Record set:
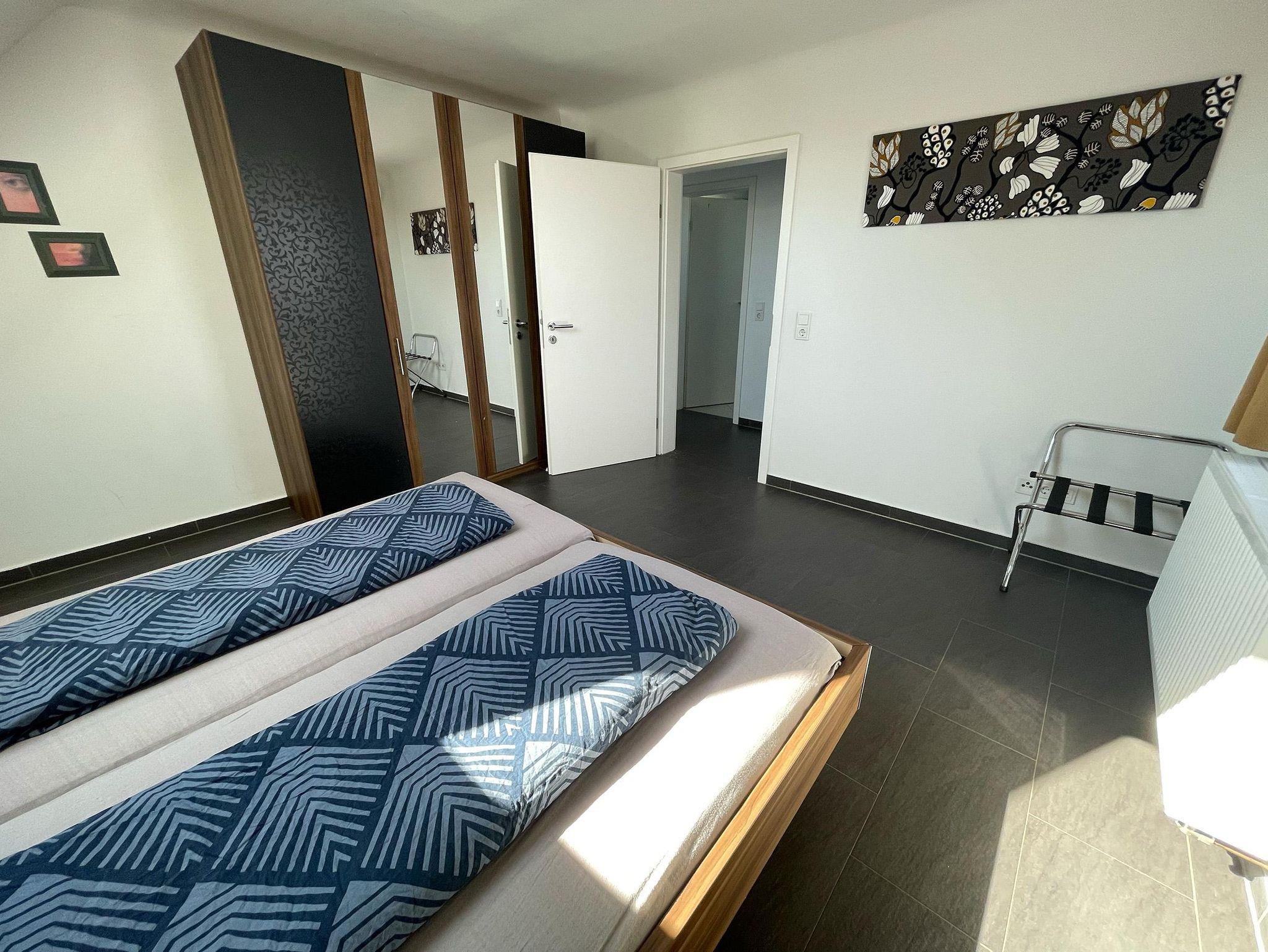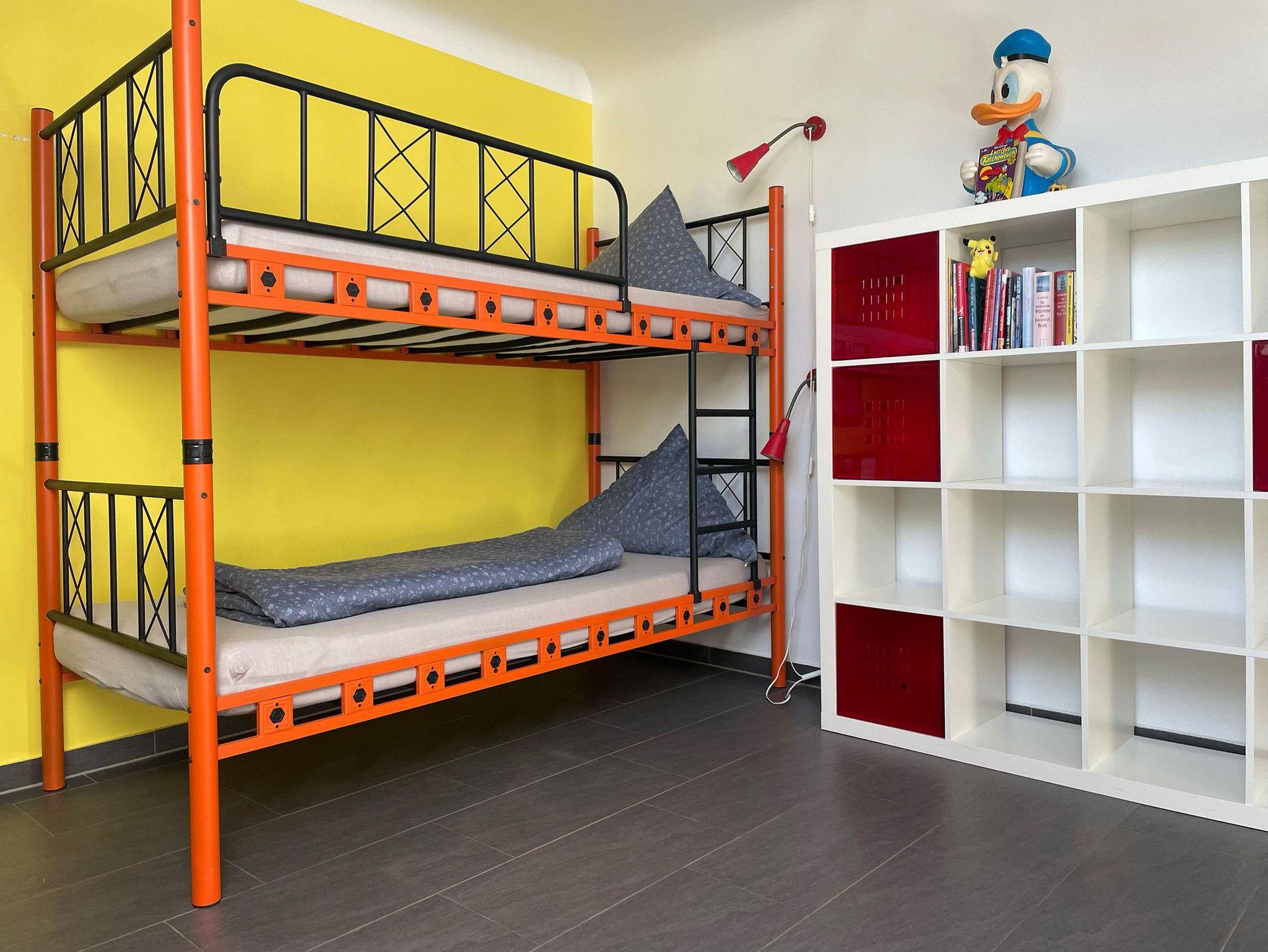 Die Wohnung verfügt über zwei separate Schlafzimmer: Das Hauptschlafzimmer ist mit einem bequemen Doppelbett ausgestattet, das zweite Schlafzimmer bietet ein praktisches Etagenbett sowie zwei Einzelbetten – perfekt für Kinder oder Jugendliche.
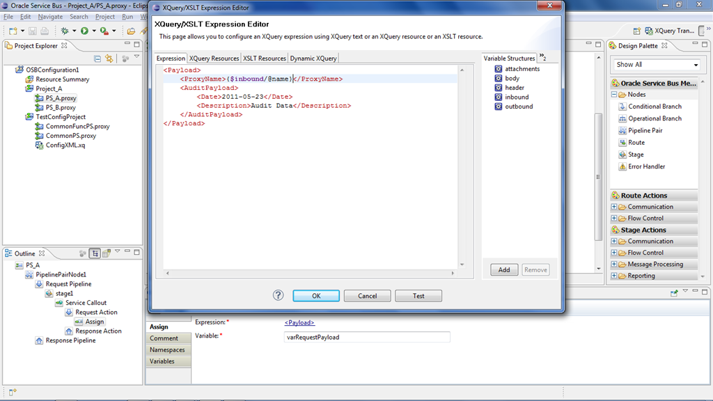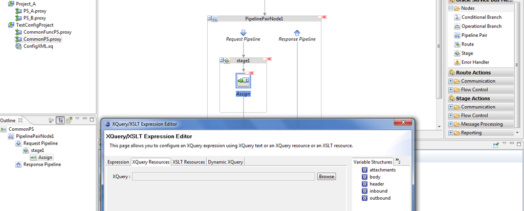 Go to the message flow of the proxy service and insert a pipelinepair Node and Stage and insert an assign activity. Click on the ’Éxpression’ in the properties and select XQuery resource as shown below.
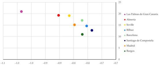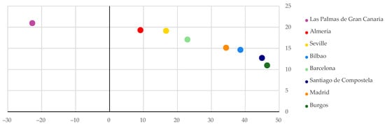 On the other hand, if heat losses through evapotranspiration are related to the mean annual outdoor temperature, a relationship is observed between the higher temperatures and the increase in heat losses through evapotranspiration (Figure 6). In this case, Las Palmas de Gran Canaria, Almería, Seville, Barcelona or Madrid have average annual outdoor temperatures above 15 °C, producing greater losses than in the case of cities with lower average annual outdoor temperatures. These cities also are the ones with higher annual rainfall. It can be seen how in addition, the decrease in the average annual temperature produces a decrease in losses due to evapotranspiration, especially in the gap between Las Palmas de Gran Canaria (average annual temperature of 20.95 °C) and the rest of the cities with average annual temperatures below 20 °C.
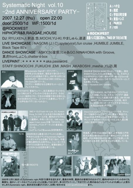 今度、何を思ったのか企画までやってしまいます。しかも、COUNTDOWN JAPAN07/08に出演が決まっているthe chef cooks meのシモリョーさんもDJとして参加してくれます!最高の一日になる事間違いなしです! 興味のある方、是非遊びにきて下さい。
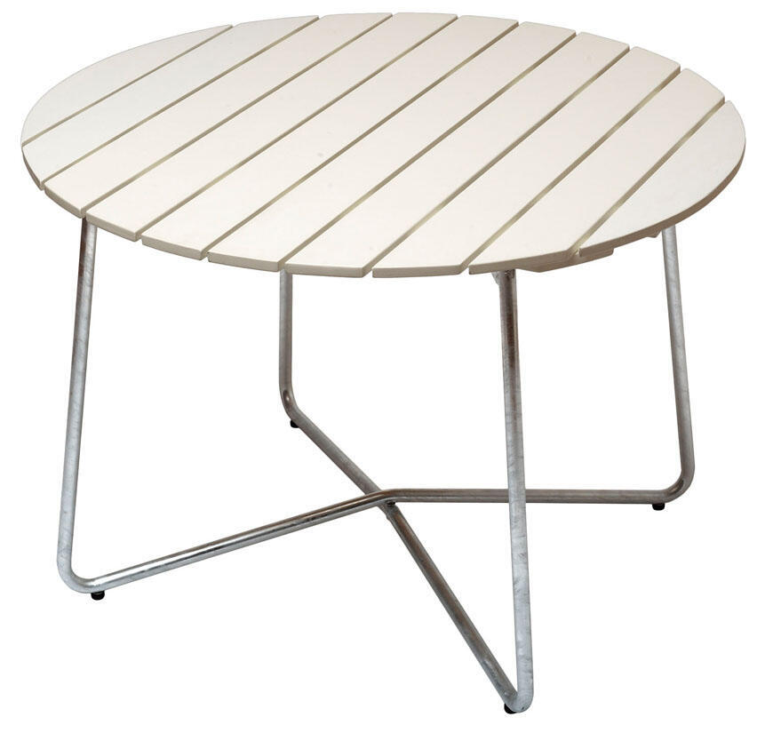 Det klassiska runda bordet 9A från Grythyttans Stålmöbler finns i två storlekar, med en diameter på 100 eller 120 cm. Borden passar utmärkt i bersån eller på altanen och med fördel tillsammans med fåtölj A2 eller Stol 1. Borden tillhör Klassikerserien, har avtagbart stativ för smidig förvaring och går att få i oljelaserad furu eller oljad ek, obehandlad teak och vitlackad ek med varmförzinkat stålstativ.

The task:
If the records contain pictures, skip them, and transcribe exactly every line from the one with "On the other" through the last line.

Answer for the task:
 On the other hand, if heat losses through evapotranspiration are related to the mean annual outdoor temperature, a relationship is observed between the higher temperatures and the increase in heat losses through evapotranspiration (Figure 6). In this case, Las Palmas de Gran Canaria, Almería, Seville, Barcelona or Madrid have average annual outdoor temperatures above 15 °C, producing greater losses than in the case of cities with lower average annual outdoor temperatures. These cities also are the ones with higher annual rainfall. It can be seen how in addition, the decrease in the average annual temperature produces a decrease in losses due to evapotranspiration, especially in the gap between Las Palmas de Gran Canaria (average annual temperature of 20.95 °C) and the rest of the cities with average annual temperatures below 20 °C.
 今度、何を思ったのか企画までやってしまいます。しかも、COUNTDOWN JAPAN07/08に出演が決まっているthe chef cooks meのシモリョーさんもDJとして参加してくれます!最高の一日になる事間違いなしです! 興味のある方、是非遊びにきて下さい。
 Det klassiska runda bordet 9A från Grythyttans Stålmöbler finns i två storlekar, med en diameter på 100 eller 120 cm. Borden passar utmärkt i bersån eller på altanen och med fördel tillsammans med fåtölj A2 eller Stol 1. Borden tillhör Klassikerserien, har avtagbart stativ för smidig förvaring och går att få i oljelaserad furu eller oljad ek, obehandlad teak och vitlackad ek med varmförzinkat stålstativ.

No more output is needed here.